Test the Azure App Service BCDR client

We ran a test using multiple Azure Data Explorer replicas. After a simulated outage of primary and secondary clusters, you can see that the app service BCDR client is behaving as intended.

Verify app service BCDR client.

The Azure Data Explorer clusters are distributed across West Europe (2xD14v2 primary), South East Asia, and East US (2xD11v2).

Cross planet query response time.

Note

Slower response times are due to different SKUs and cross planet queries.

Perform dynamic or static routing

Use Azure Traffic Manager routing methods for dynamic or static routing of the requests. Azure Traffic Manager is a DNS-based traffic load balancer that enables you to distribute app service traffic. This traffic is optimized to services across global Azure regions, while providing high availability and responsiveness.

Optimize cost in an active-active configuration

Using an active-active configuration for disaster recovery increases the cost linearly. The cost includes nodes, storage, markup, and increased networking cost for bandwidth.
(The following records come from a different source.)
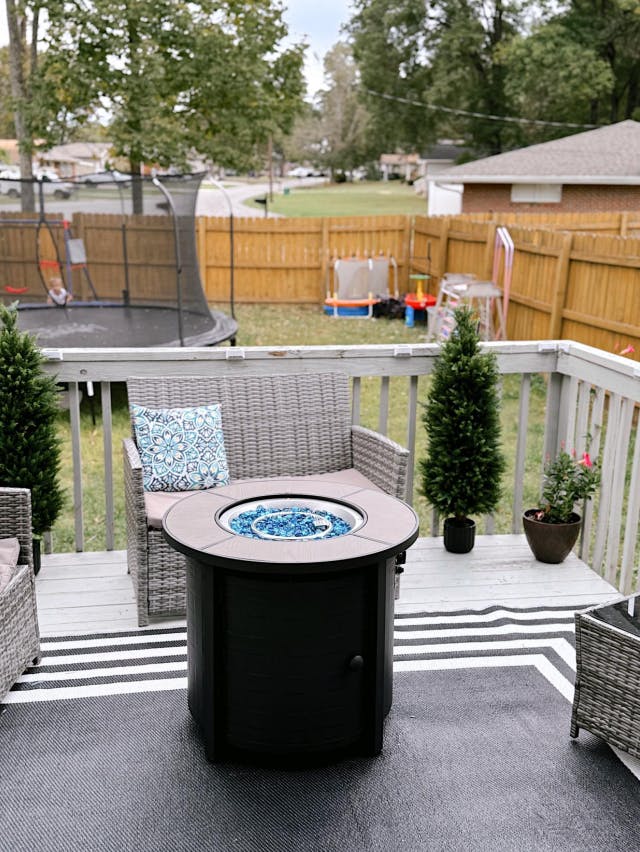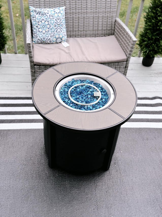 The 30-inch propane fire table provides more space for gatherings of friends and family on cold nights. It is perfect for dining and entertaining without cleaning up smoke, mess, or ashes. This table can also be used as a coffee table and dining table.
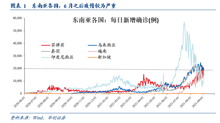 依然较为严重。9月3日,东南亚主要的六个国家新增确诊人数合计为7.7万人,其中菲律宾、马来西亚单日新增确诊2万人左右(注:马来西亚政府希望在单日确诊降至4000人左右时重启生产活动),泰国、越南单日新增确诊在1.5万人左右。疫情影响下,东南亚的电子产业受冲击较大。比如马来西亚,根据证券时报的报道,“近期已有部分国际汽车厂商或零部件供应商宣布生产线大规模停产或减产。”
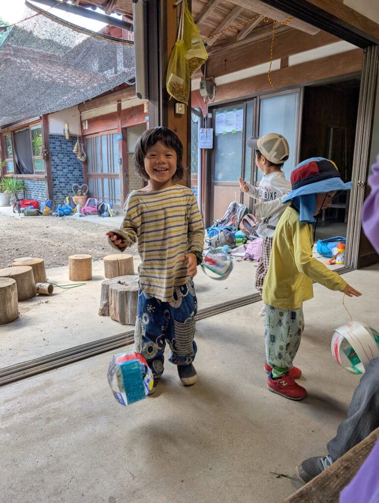 そのころ幼児期は、出来上がったビッグヨーヨーと格闘していました(笑)。ヨーヨーをポンポンやってると、自分もぴょんぴょん飛び跳ねてしまうようで、皆でぴょんぴょんぴょんぴょん楽しそう。
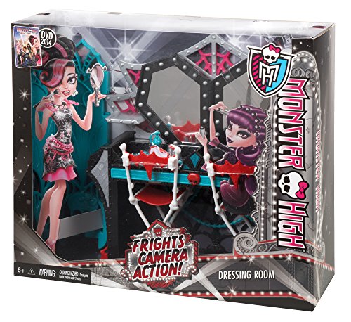 [Description] Frights_ Camera_ Action! The ghouls have made it to Hauntlywood_ and this spooktacular Dressing Room is the perfect spot to turn a monster into a mon-star! Pull up a director``s chair or two - there``s room for two stars on this screen! The double vanity features a web-inspired design_ bat-wing mirror and plenty of counter space Monsteriffic pieces include a coffin-shaped compact_ perfume bottle_ silver brush and other themed pieces
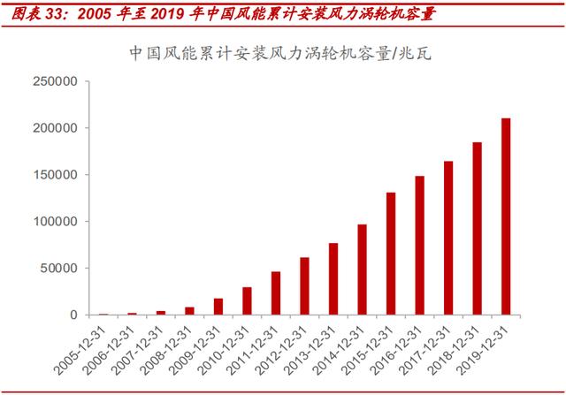 纵向对比,中国累计安装风力涡轮机容量在 2019 年约 210478 兆瓦, 同比 2012 年增长了 241.7%。同时中国风电累计装机容量也持续稳定增 长超过十年,截至 2019 年 12 月 31 日已达到 236402 兆瓦,与 2012 年相比同比增长 213.85%。横向对比,2019 年中国风能消耗达到 3.62 百亿亿焦耳,远超于美德英法等欧美发达国家,该数值占据全球总风能 消耗量的 28%。截至 2019 年,中国可再生能源发电总装机容量 7.9 亿 千瓦,约占全球可再生能源发电总装机的 30%。其中,水电、风电、光 伏发电、生物质发电装机容量分别达 3.56 亿千瓦、2.1 亿千瓦、2.04 亿 千瓦、2369 万千瓦,均位居世界首位。
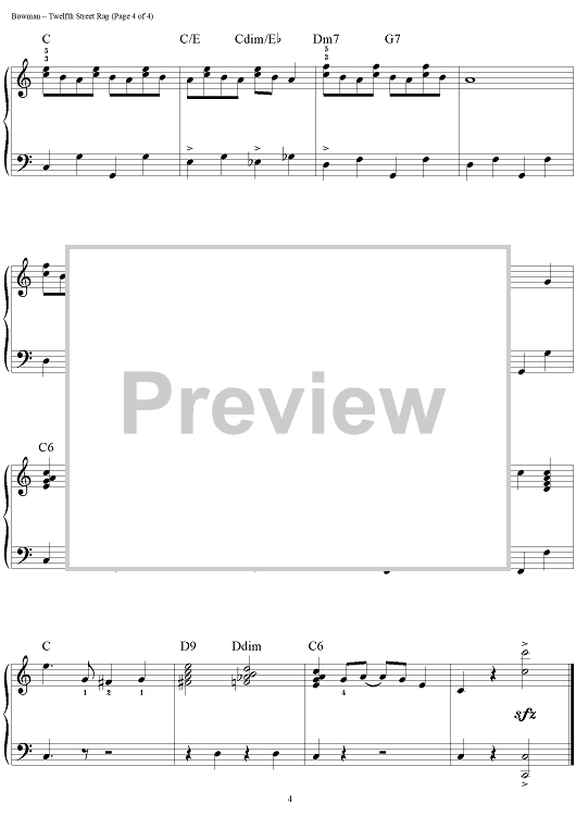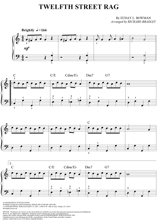 Digital Sheet Music for Twelfth Street Rag by Richard Bradley, Euday L. Bowman scored for Easy Piano; id:292443
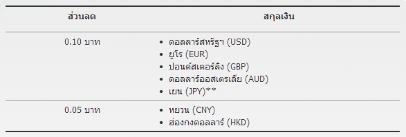 **ส่วนลด 0.10 บาทและ 0.05 บาทต่อ 1 หน่วยเงินตราต่างประเทศ ยกเว้นสกุลเยน ได้รับส่วนลด 0.10 บาทต่อ 100 เยน
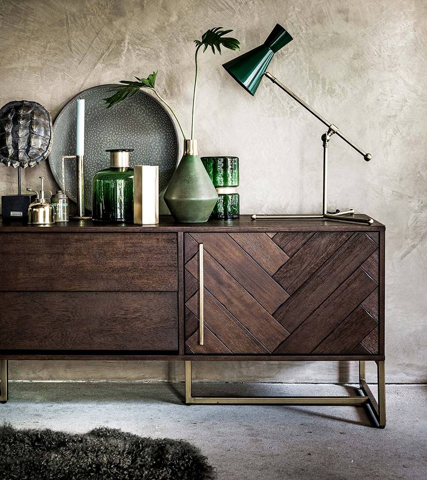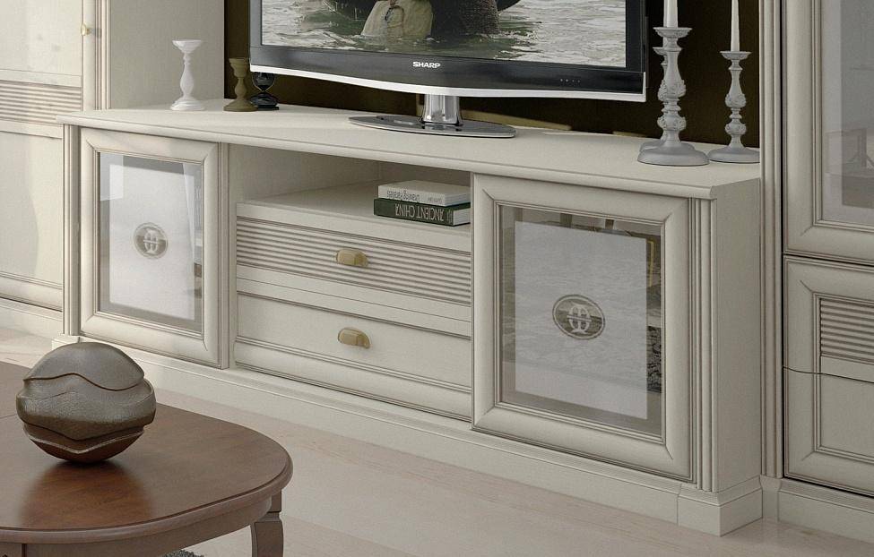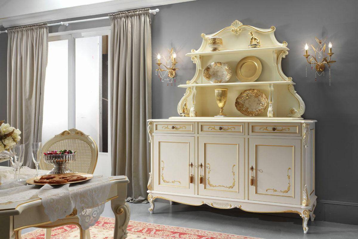 Комод в классическом стиле с золотой патиной в отделке гостиной
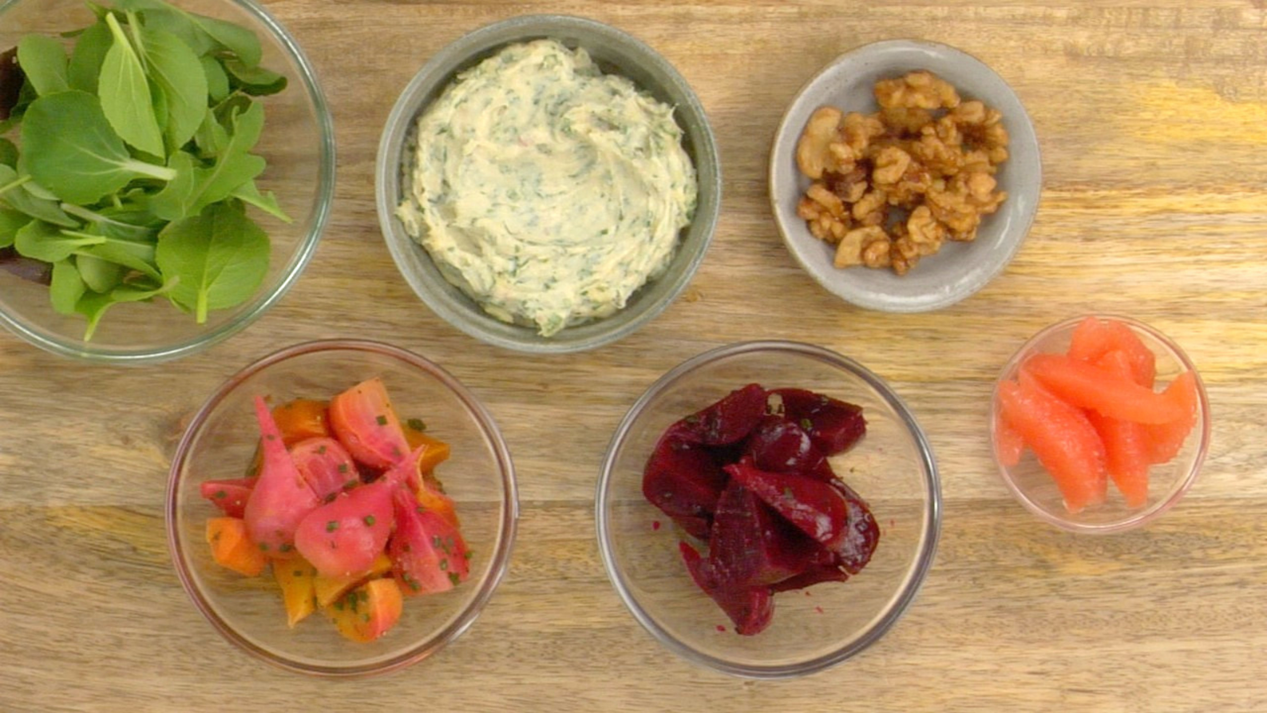 Make sure that the Roasted Beets in a Bag are roasted until tender, have cooled and are skinned, sliced into wedges and marinated per recipe instructions.
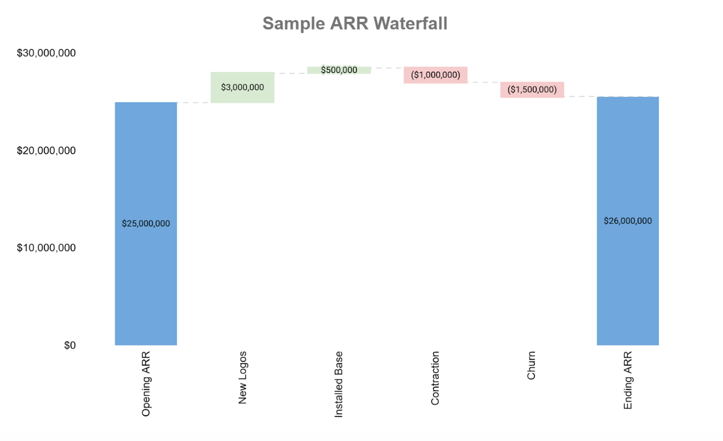 The ARR waterfall is the simplest and most elegant way to explain the ARR additions and subtractions. This visualization is particularly helpful for breaking out ACV contraction vs. full logo churn.
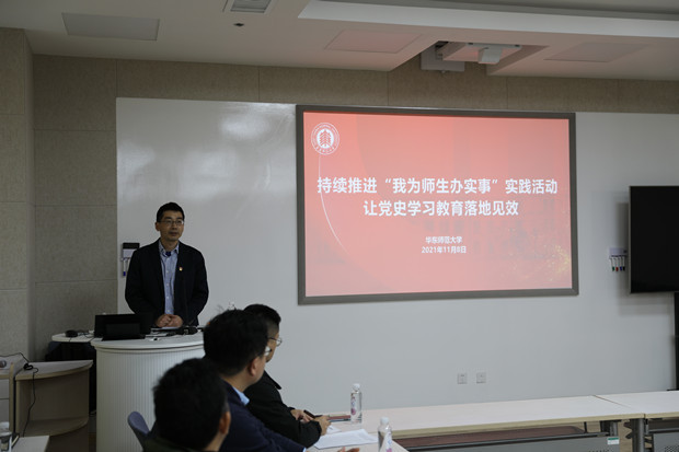 顾红亮介绍了公司推进党史学习教育的阶段性工作与成果。公司全面贯彻落实中共中央印发的《关于在全党开展党史学习教育的通知》,持续推进“我为师生办实事”实践活动,让党史学习教育落地见效。公司对标对表,全面落实“办实事”工作指示精神;走深走实,稳步推进“办实事”取得实绩实效;持续发力,统筹推进党史学习教育第二、三阶段工作。目前,公司共收到各院系报送重点工作129项,其中包括64项发展类实践工作和65项民生类实践工作。
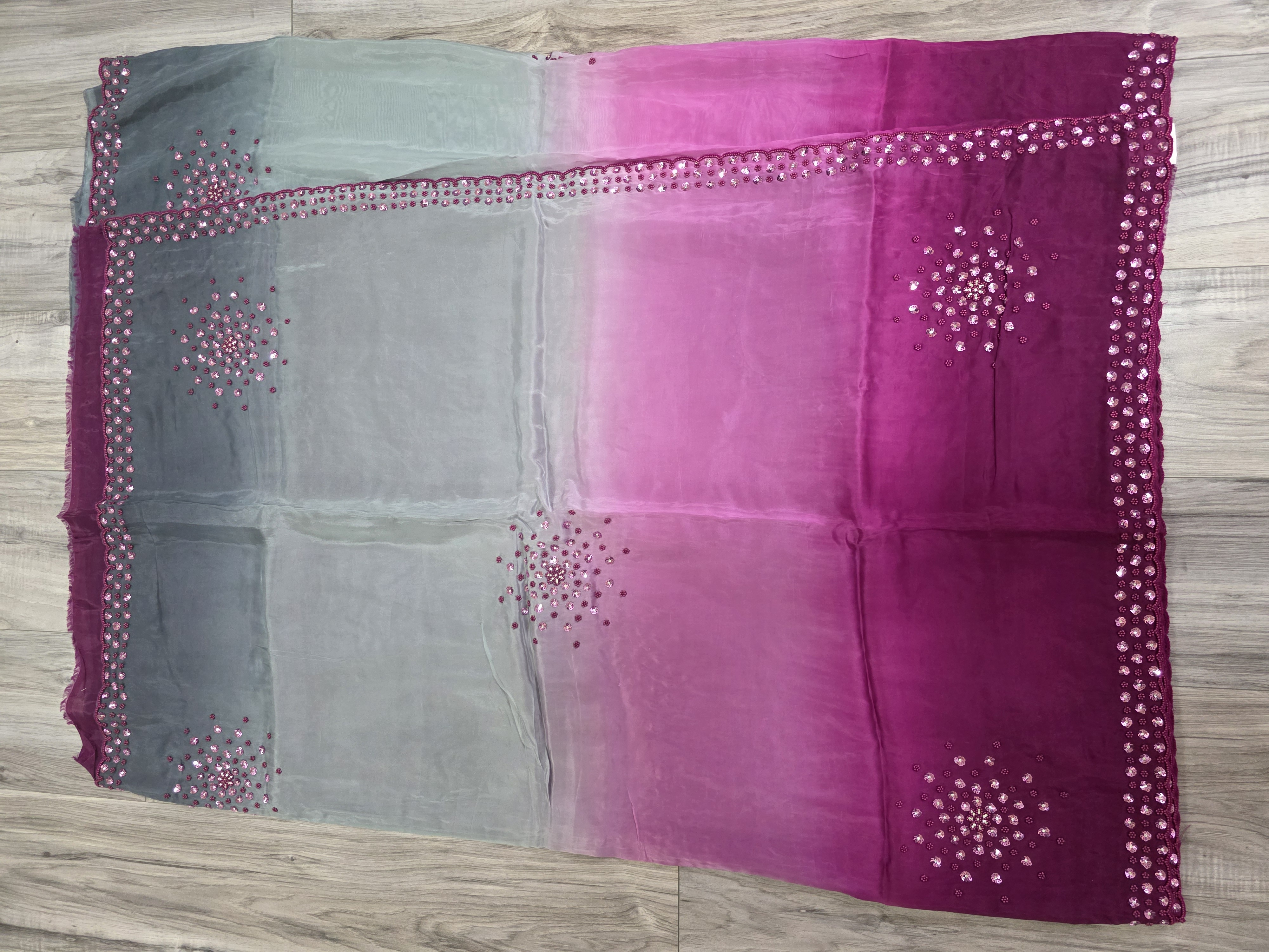 An elegant dual-toned grey and magenta georgette sari featuring delicate floral sequin embroidery and a matching blouse, styled for a classic festive look. Fabric...organza

Use optimized autoscale to optimize costs

Use the optimized autoscale feature to configure horizontal scaling for the secondary clusters. They should be dimensioned so they can handle the ingestion load. Once the primary cluster isn't reachable, the secondary clusters will get more traffic and scale according to the configuration.

Using optimized autoscale in this example saved roughly 50% of the cost in comparison to having the same horizontal and vertical scale on all replicas.